Connecting the Protected and Recovery Site SRMs

One of the main tasks carried out in the first configuration of SRM is to connect the Protected Site SRM to the Recovery Site SRM. It's at this point that you configure a relationship between the two, and really this is the first time you indicate which is the Protected Site and which is the Recovery Site. It's a convention that you start this pairing process at the Protected Site. The reality is that the pairing creates a two-way relationship between the locations anyway, and it really doesn't matter from which site you do this. But for my own sanity, I've always started the process from the protected location.

When doing this first configuration, I prefer to have two vSphere client windows open: one on the protected vCenter and the other on the recovery vCenter. This way, I get to monitor both parts of the pairing process. I did this often in my early use of SRM so that I could see in real time the effect of changes in the Protected Site on the Recovery Site. Of course, you can simplify things greatly by using the linked mode feature in vSphere. Although with SRM new views show both the Recovery and Protected Sites at the same time, the benefits of linked mode are somewhat limited; however, I think linked mode can be useful for your general administration. For the moment, I'm keeping the two vCenters separate so that it's 100% clear that one is the Protected Site and the other is the Recovery Site (see Figure 9.1).

Figure 9.1

Figure 9.1 The Protected Site (New York) is on the left; the Recovery Site (New Jersey) is on the right.

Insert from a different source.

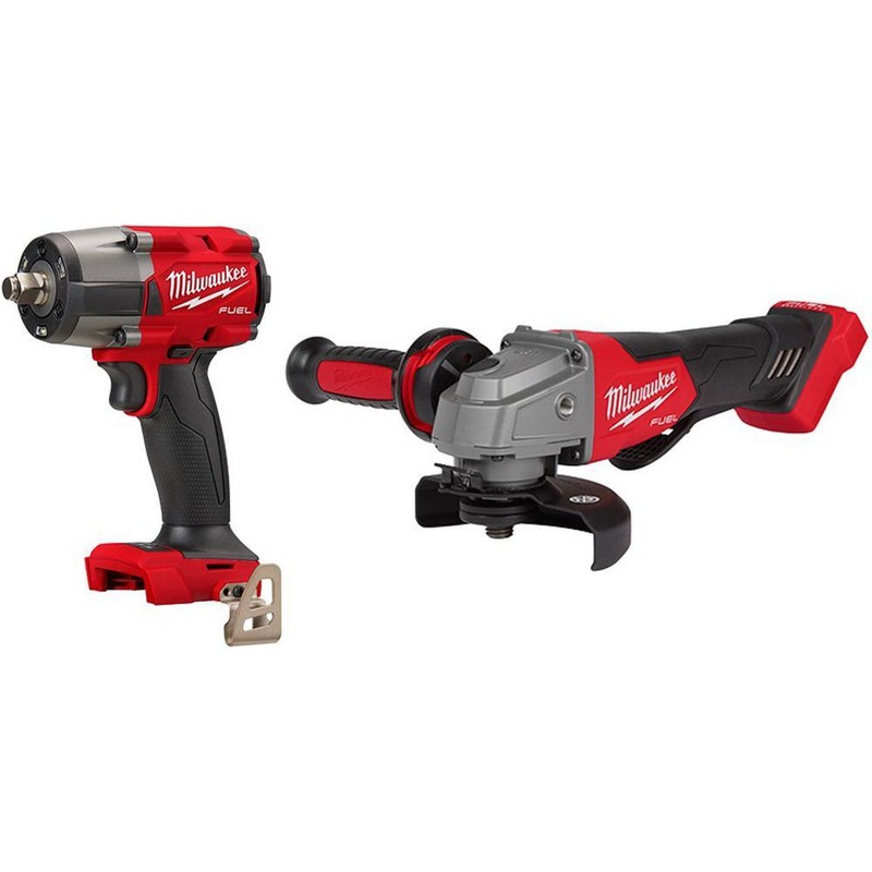 Milwaukee 2962-20-2880-20 M18 FUEL Gen-2 18V Lithium-Ion Brushless Cordless Mid Torque 1/2 in. Impact Wrench with Friction Ring with GrinderMilwaukee m18 fuel 1/2in. Mid-torque impact wrench with friction ring delivers best power-to-weight ratio, most access in tight spaces, and faster removal speed. It provides 650 ft-lbs of nut-busting torque and only weighs 5.1 lbs, making it extremely versatile, and capable of performing a wide variety of applications. Its powerstate brushless motor generates power needed to quickly perform many tasks, such as removing large bolts or lug nuts. Tri-leds surround anvil to deliver brighter light with fewer shadows. 4-mode drive control offers greater precision with a range of pre-set rpm and ipm levels, selectable from a single button on tool. By selecting mode 4, auto shut-off control applies no more than 35 ft-lbs of torque for hand-tight fastening applications to prevent overtightening. Mode 4 also features bolt removal control that delivers users full torque output, n decreases rpms once bolt is loosened to prevent fastener drops. Redlink plus intelligence ensures maximum performance, protecting tool against overloads, over-heating and over-discharge.Milwaukee m18 fuel 4-1/2/5in. Grinder paddle switch, no lock is next advancement in power and performance, generating 11 amp corded power, fastest cutting, and delivering up to 135 cuts per charge.Friction ring (hog ring) ensures quick and easy socket changes6.0 in. L provides most access in tight spacesFaster removal speed provides increased user productivityTri-LEDs deliver high definition lighting to increase workspace visibility with less shadows4-mode DRIVE CONTROL provides greater control over output speed and power, includes auto shut-off and bolt-removal controlAuto shut-off control applies no more than 35 ft./lbs. of torque for hand-tight fastening applications to prevent overtighteningBolt removal control delivers full torque output, then decreases RPMs once the bolt is loosened to prevent fastener dropsMode 1 RPMs: 0-1,250, mode 2 RPMs: 0-1,950, mode 3 RPMs: 0-2,575, mode 4 RPMs: 0-2,575Mode 1 IPMs: 0-900, mode 2 IPMs: 0-2,100, mode 3 IPMs: 0-3,100, mode 4 IPMs: 0-3,100REDLINK PLUS intelligence ensures maximum performance and protects from overloads, heating and over-dischargeWorks in up to 69 kV environmentsCompatible with all M18batteries and chargersIncludes: M18 FUEL 1/2 in. mid-torque impact wrench with friction ringIncludes: 1 M18 FUEL 4-1/2 in./5 in. grinder paddle switch, no-lock (2880-20), (1) T27 guard, 1 T1 clip-on guard, 1 side handle, 1 spanner wrench, 1 back flange, 1 flange nut5/8 in.-11 in. spindle for use with common grinding accessoriesDimensionsDrive Size (in.)1/2 in.Product Depth (in.)6.0 inProduct Height (in.)8.12 inProduct Width (in.)2.74 in

As you might suspect, this pairing process clearly means the Protected Site SRM and Recovery Site SRM will need to communicate to each other to share information. It is possible to have the same IP range used at two different geographical locations. This networking concept is called "stretched VLANs." Stretched VLANs can greatly simplify the pairing process, as well as greatly simplify the networking of virtual machines when you run tests or invoke your Recovery Plans. If you have never heard of stretched VLANs, it's well worth brushing up on them, and considering their usage to facilitate DR/BC. The stretched VLAN configuration, as we will see later, can actually ease the administrative burden when running test plans or invoking DR for real. Other methods of simplifying communications, especially when testing and running Recovery Plans, include the use of network address translation (NAT) systems or modifying the routing configuration between the two locations. This can stop the need to re-IP the virtual machines as they boot in the DR location. We will look at this in more detail in subsequent chapters.

This pairing process is sometimes referred to as "establishing reciprocity." In the first release of SRM the pairing process was one-to-one, and it was not possible to create hub-and-spoke configurations where one site is paired to many sites. The structure of SRM 1.0 prevented many-to-many SRM pairing relationships. Back in SRM 4.0, VMware introduced support for a shared-site configuration where one DR location can provide resources for many Protected Sites. However, in these early stages I want to keep with the two-site configuration.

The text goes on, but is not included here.